Federal Chancellor Angela Merkel - Armenia is a good example of how one can simultaneously cooperate with Russia and the European Union. Of course, there are not so many opportunities in this respect. The Eurasian Economic Union is practically a free trade zone. But there are many other economic opportunities to be tapped here.

Formal negotiations between the Eurasian Economic Union and the European Union will hardly take place in the near future, but I think that Armenia’s good example demonstrates that it is possible to do so.

RA Prime Minister Nikol Pashinyan - I want to emphasize the following: Indeed, the Eurasian Economic Union’s space is of special economic importance to Armenia, but during the talks we also noted that Armenia benefits from a trade regime with the European Union, called GSP +, which makes it possible to expand the volume of trade turnover.

In my introductory speech, I said that we have set a task to modify our trade and economic relations not only in terms of quantity, but also in terms of quality, and it is an important part of our joint agenda to make certain progress in this direction.

Bild newspaper - Mrs. Chancellor, you have already mentioned the Nagorno-Karabakh conflict. In the run-up to your upcoming visit to Azerbaijan, Azerbaijan has not yet issued a visa for one of the members of your delegation who is a member of German Bundestag. Does it not burden your visit? And, Mr. Prime Minister, how do you assess Azerbaijan’s behavior in this conflict?
Federal Chancellor Angela Merkel - I have already spoken about this. We have decided that during the visit to Azerbaijan we will be accompanied by another Bundestag member. Of course, I mean the parliamentary cooperation group in the South Caucasus.

We came to this decision because it was important for us to carry on those negotiations since after all negotiations are the only way to conflict resolution. When people are reluctant to talk, conflicts cannot be solved.

It was important for us, for me to visit this region. The time does not wait for us, and we have to make every effort to resolve this conflict as soon as possible.

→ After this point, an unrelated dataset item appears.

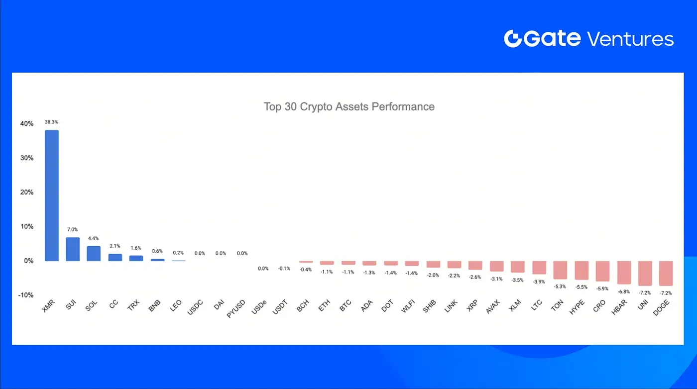 كانت أفضل 30 عملة رقمية بشكل عام مستقرة، بانخفاض متوسط قدره 0.85%. تفوقت XMR بشكل واضح على المجموعة، مع مكاسب، تليها SUI وSOL.

RA Prime Minister Nikol Pashinyan - I am happy to note that Germany is fully supportive of the efforts made by the OSCE Minsk Group Co-Chairs toward the settlement of the Nagorno-Karabakh conflict. Germany and the Chancellor personally abide by the understanding that the Nagorno-Karabakh problem can be settled exclusively through peaceful means. That is why it is crucial to foster an atmosphere of settlement in the region. Armenia appreciates the efforts of the Federal Republic of Germany in terms of establishing this atmosphere.